If you want to feel peace in regard to food, I can't recommend this program enough.
What's included in the Count Colors, Not Calories program:
- 4 hour-long webinars (which will be recorded in case you can't make it live)
- Counting Colors e-book (over 60 pages of material)
- Real food recipe packet including over 50 recipes!
- Sense of community and access to the Counting Colors Facebook group
- Access to a holistic health coach + daily support and information
- Book and other resource suggestions
- Freedom from dieting and food anxiety coupled with an increased sense of health, wellness, and joy!
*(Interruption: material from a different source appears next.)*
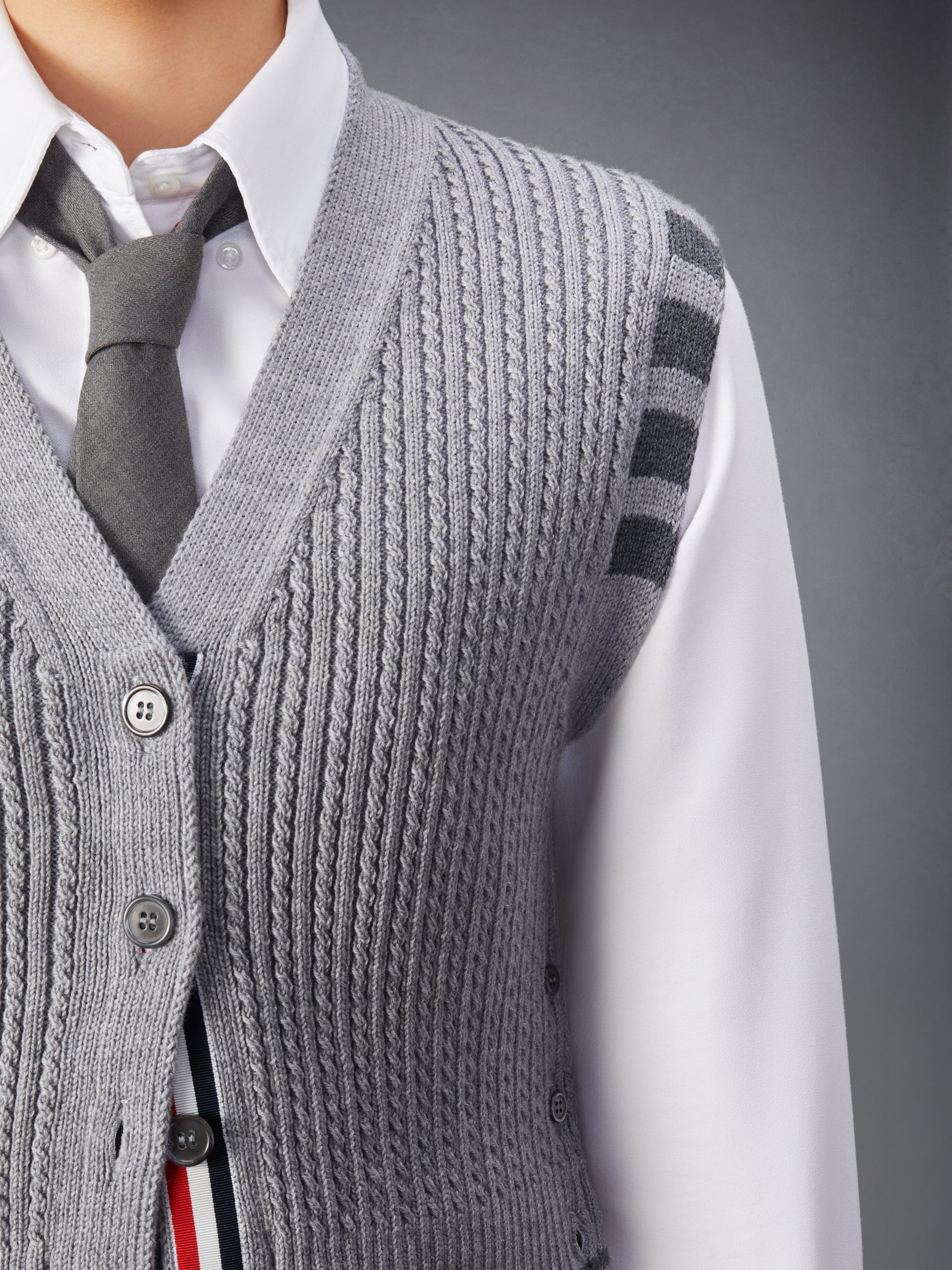 MERINO WOOL 4-BAR CROPPED CABLE CARDIGAN VEST

Count Colors, Not Calories Discount Code
Sign up for the next class of Count Colors, Not Calories ends on Oct. 2, 2018.
Use code NOFUSSNATURAL to get 10% off.
I'm honestly considering doing it again just for the opportunity to be with like-minded people and to have the chance to ask Sara some more questions!
You can also see me chat about the program in my Food Issues Instragam Story Highlight.
I chose this program over other programs to help with food issues because I want FREEDOM! I'm sharing with you because I want you to have freedom too.